:: EXERCISE INPUT ::

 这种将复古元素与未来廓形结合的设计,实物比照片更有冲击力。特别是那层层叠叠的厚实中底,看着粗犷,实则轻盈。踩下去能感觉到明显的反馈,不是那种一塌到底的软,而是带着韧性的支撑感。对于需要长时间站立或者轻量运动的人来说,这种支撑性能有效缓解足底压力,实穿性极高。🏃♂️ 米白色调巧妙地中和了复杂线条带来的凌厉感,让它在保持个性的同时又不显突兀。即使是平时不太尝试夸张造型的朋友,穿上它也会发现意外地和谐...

:::
:: EXERCISE INPUT ::

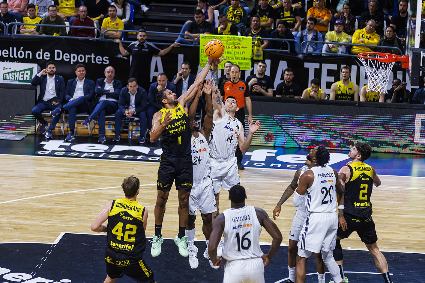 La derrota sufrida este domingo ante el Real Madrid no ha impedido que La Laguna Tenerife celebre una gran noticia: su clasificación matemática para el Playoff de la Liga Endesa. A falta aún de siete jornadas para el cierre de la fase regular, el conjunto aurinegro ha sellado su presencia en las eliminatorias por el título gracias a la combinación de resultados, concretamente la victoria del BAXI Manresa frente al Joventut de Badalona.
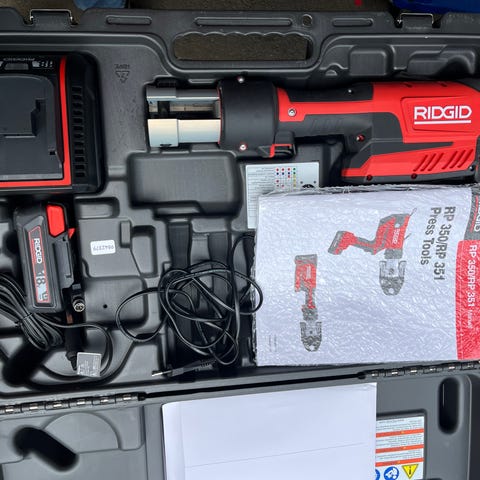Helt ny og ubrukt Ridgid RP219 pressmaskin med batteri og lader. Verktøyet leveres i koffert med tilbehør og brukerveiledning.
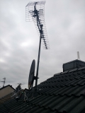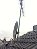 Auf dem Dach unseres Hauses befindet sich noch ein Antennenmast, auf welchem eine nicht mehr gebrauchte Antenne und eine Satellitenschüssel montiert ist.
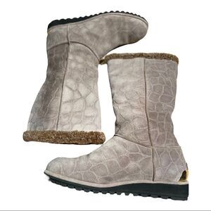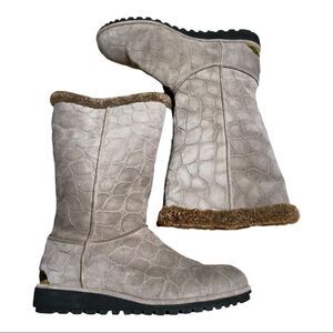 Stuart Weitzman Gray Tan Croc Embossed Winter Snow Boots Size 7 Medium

:::
:: EXERCISE INPUT ::

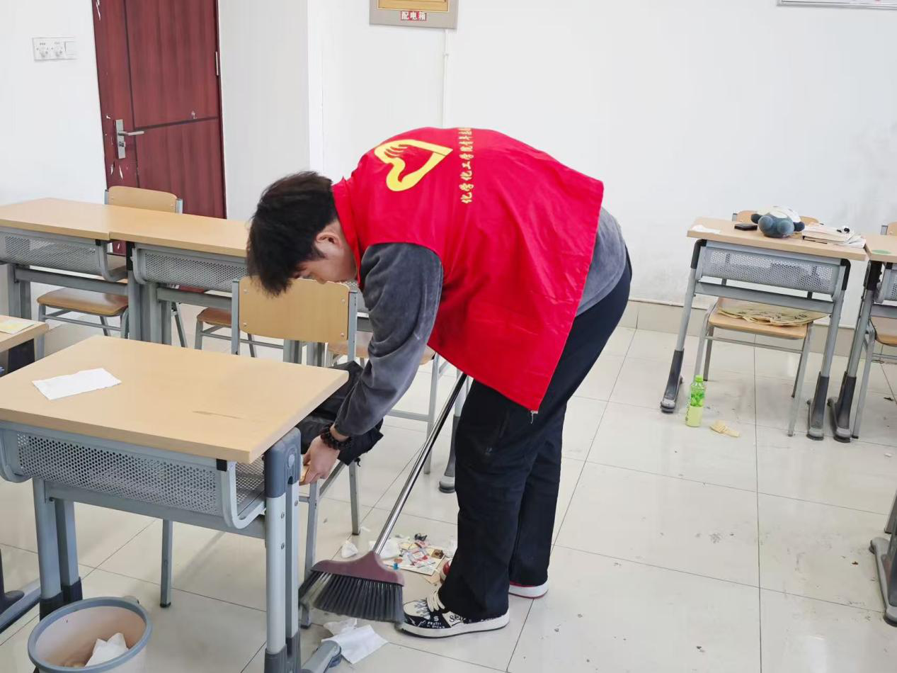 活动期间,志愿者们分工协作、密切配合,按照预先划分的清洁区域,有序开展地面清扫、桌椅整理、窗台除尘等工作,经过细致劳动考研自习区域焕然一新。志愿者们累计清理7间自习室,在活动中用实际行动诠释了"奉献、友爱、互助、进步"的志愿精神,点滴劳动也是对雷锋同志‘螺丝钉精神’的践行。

:::

INSTRUCTIONS TO FOLLOW
Give back, exactly and without pictures, the stretch of the records above from the line containing "Helt ny og ubrukt" through the line containing "Stuart Weitzman Gray", with both end lines included.

SOLUTION TO THIS TASK
Helt ny og ubrukt Ridgid RP219 pressmaskin med batteri og lader. Verktøyet leveres i koffert med tilbehør og brukerveiledning.
 Auf dem Dach unseres Hauses befindet sich noch ein Antennenmast, auf welchem eine nicht mehr gebrauchte Antenne und eine Satellitenschüssel montiert ist.
 Stuart Weitzman Gray Tan Croc Embossed Winter Snow Boots Size 7 Medium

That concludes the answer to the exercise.